Help

Quick Start

Just type (or Cut&Paste) the URL for the page you want to validate into the text field on the form and press the "Check now" button.

Introduction

Calling/Linking to the Validator

You can link directly to the Validator home page, or you can call the Validator CGI program. The home page is http://archiveready.com/ at the moment (and for the foreseeable future) and the CGI program can be reached at
http://archiveready.com/check?url=http://yousite.com.

What kind of checks ArchiveReady does?

ArchiveReady is checking several website attributes such as:

  1. Hypertext validity and format (HTML, CSS validation),
  2. Page contents structure,
  3. Compliance with open standards,
  4. Hyperlinks validity,
  5. Robots.txt contents,
  6. Sitemap.xml contents and validity,
  7. RSS feeds structure.

What people say about web archiving?

Web archiving is the process of collecting portions of the World Wide Web and ensuring the collection is preserved in an archive, such as an archive site, for future researchers, historians, and the public. http://en.wikipedia.org/wiki/Web_archiving

To enable the archive of a site by the Portuguese Web Archive, it is fundamental that the site presents a crawler-friendly homepage. Portuguese Web Archive Crawler

Heritrix (ExtractorJS) has trouble finding the links that are not hardcoded strings in javascript. Heritrix Known Issues

If fancy features such as JavaScript, cookies, session IDs, frames, DHTML, or Flash keep you from seeing all of your site in a text browser, then search engine spiders may have trouble crawling your site. How Googlebot sees your webpages

The content of your robots.txt file tells search engine crawlers how they should visit your site. Google Webmaster Guidelines

What kind of technologies are used to make ArchiveReady?

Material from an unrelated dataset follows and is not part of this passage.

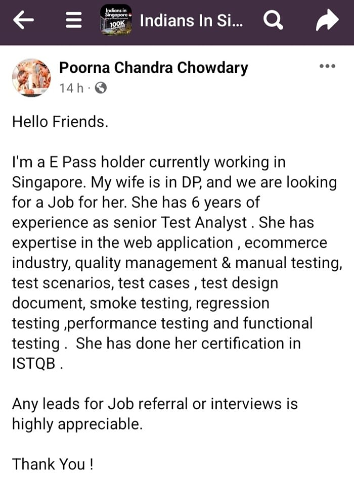 why didn't he go see his PAP MP during Meet the People session? I am sure they are happy to arrange a job for her.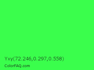 Yxy 72.246,0.297,0.558 Color is a light green color and the nearest color is Screamin Green #66ff66. Hex code #3afe4c and RGB value is rgb(58,254,76). In RGB color space, this color is composed of 23% red, 100% green, 30% blue, In CMYK color space, this color is composed of 77% cyan, 0% magenta, 70% yellow , 0% black , In HSL color space, this color has a hue angle of 126° , 99% saturation and 61% lightness.

ArchiveReady is built using Python and various different libraries such as requests, Beautiful Soup. Nginx and uwsgi are also used. Everything is written in Vim.

Resources

Papers, projects, initiatives, relevant to web preservation.

ARCOMEM Project
ARCOMEM is a EU-funded research project. It is about memory institutions like archives, museums, and libraries in the age of the Social Web.
BlogForever Project
BlogForever will create a software platform capable of aggregating, preserving, managing and disseminating blogs.
International Internet Preservation Consortium
A GLOBAL NETWORK OF EXPERTS ARCHIVING THE WEB FOR FUTURE GENERATIONS.
LiWA Project
Living Web Archives
Memento Project
Memento: Adding time to the web
UK Web Archive Blog: How good is good enough? – Quality Assurance of harvested web resources
Quality Assurance is an important element of web archiving. It refers to the evaluation of harvested web resources which determines whether pre-defined quality standards are being attained.